ACTIVITY
Set the pictures aside and write down, exactly as they appear, the lines from the one containing "Cazuela baja. Aluminio" through the end of the material.

DATA EXCERPT
Start of Block

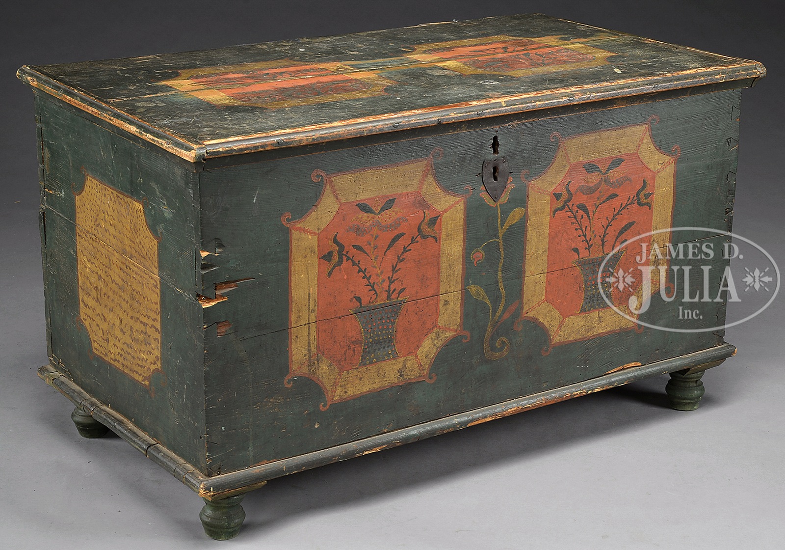 EARLY 19TH CENTURY CONTINENTAL DOWER CHEST WITH PAINT DECORATION.A green painted dovetail chest with two decorated, panels on top and front with stylized flowers and urns. Sitting on turned feet. SIZE: 44″w x 22-1/2″d x 25″h. PROVENANCE: From a fine Kentucky Estate. CONDITION: Typical losses, wear and drying splits. Feet of a later origin. 9-92251 (1,000-2,000) – Lot 2151
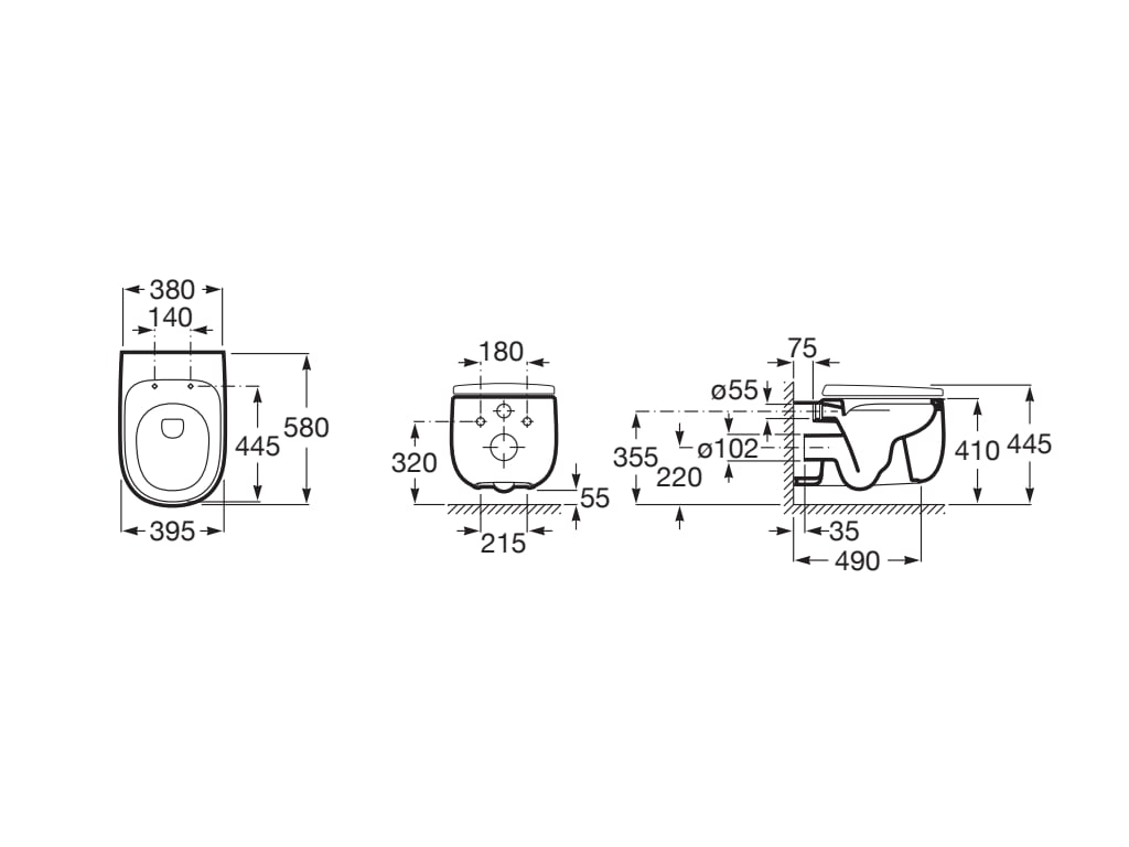 Vitreous china wall-hung Rimless WC ONYX
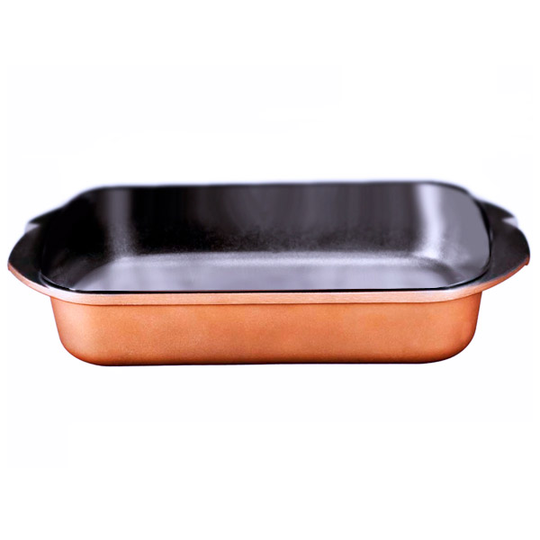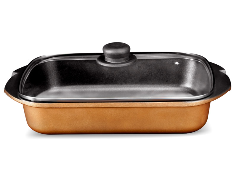 Cazuela baja. Aluminio de fundición de gran resistencia. Exterior pintado en elegante color bronce.
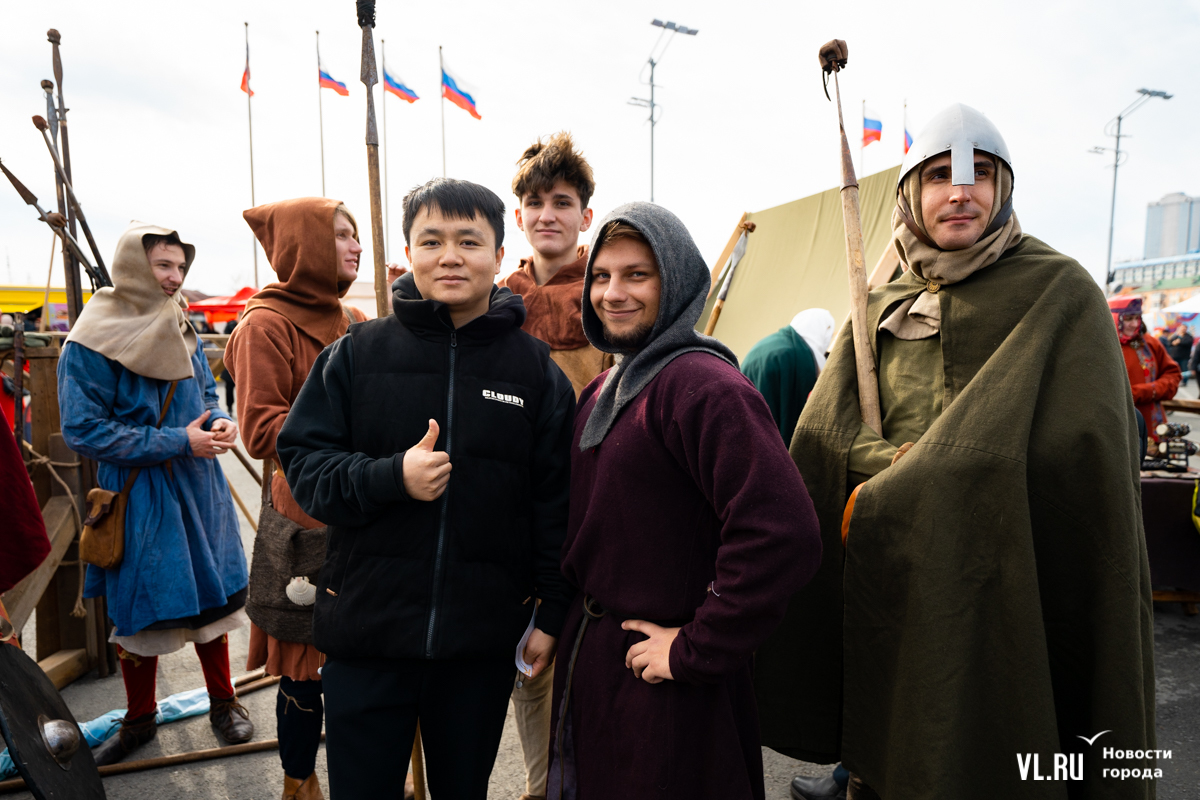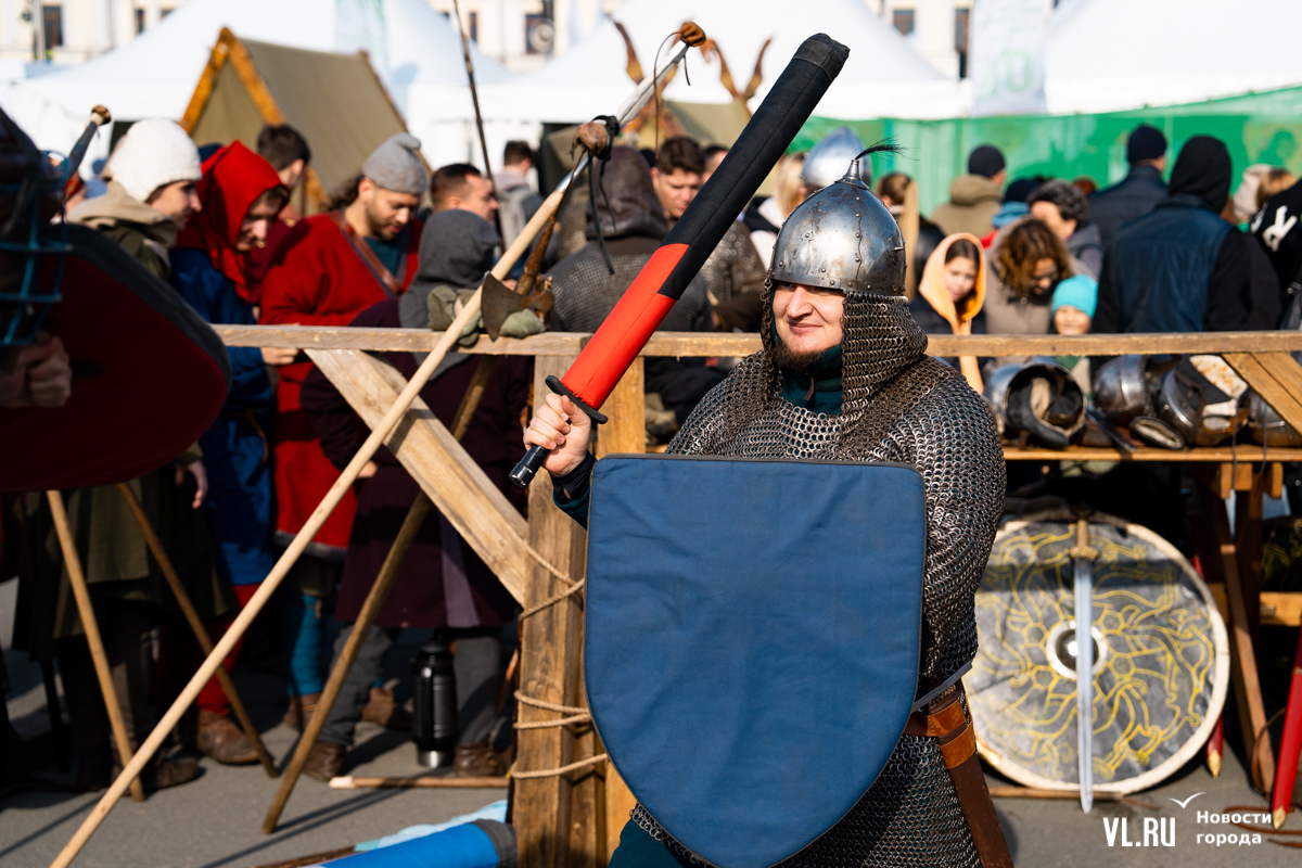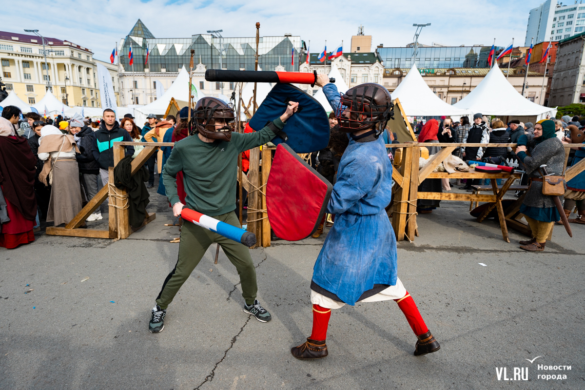 Попасть на площадь можно было как со стороны парковки у «белого дома», так и со стороны храма. Корреспондент Новостей VL.ru выбрал второй вариант, поэтому первым, на что упал его взгляд после рамок металлоискателей, стала средневековая деревня. Она заняла внушительную часть площади – под непрерывные звуки волынки (музыкант, кажется, вообще не делал перерывы на отдых) и наковальни здесь танцевали, пели, стреляли из лука и бились на турнирах. Турниры привлекали больше всего проходящих мимо горожан, не смущал никого и тот факт, что оружие у местных рыцарей выглядело как мягкая палка и прорезиненная подушка вместо меча и щита. Бои были стихийные – нашёл себе соперника, можешь идти на арену. Зрители с разных сторон во весь голос поддерживали бойцов.

End of Block

TASK SOLUTION
 Cazuela baja. Aluminio de fundición de gran resistencia. Exterior pintado en elegante color bronce.
 Попасть на площадь можно было как со стороны парковки у «белого дома», так и со стороны храма. Корреспондент Новостей VL.ru выбрал второй вариант, поэтому первым, на что упал его взгляд после рамок металлоискателей, стала средневековая деревня. Она заняла внушительную часть площади – под непрерывные звуки волынки (музыкант, кажется, вообще не делал перерывы на отдых) и наковальни здесь танцевали, пели, стреляли из лука и бились на турнирах. Турниры привлекали больше всего проходящих мимо горожан, не смущал никого и тот факт, что оружие у местных рыцарей выглядело как мягкая палка и прорезиненная подушка вместо меча и щита. Бои были стихийные – нашёл себе соперника, можешь идти на арену. Зрители с разных сторон во весь голос поддерживали бойцов.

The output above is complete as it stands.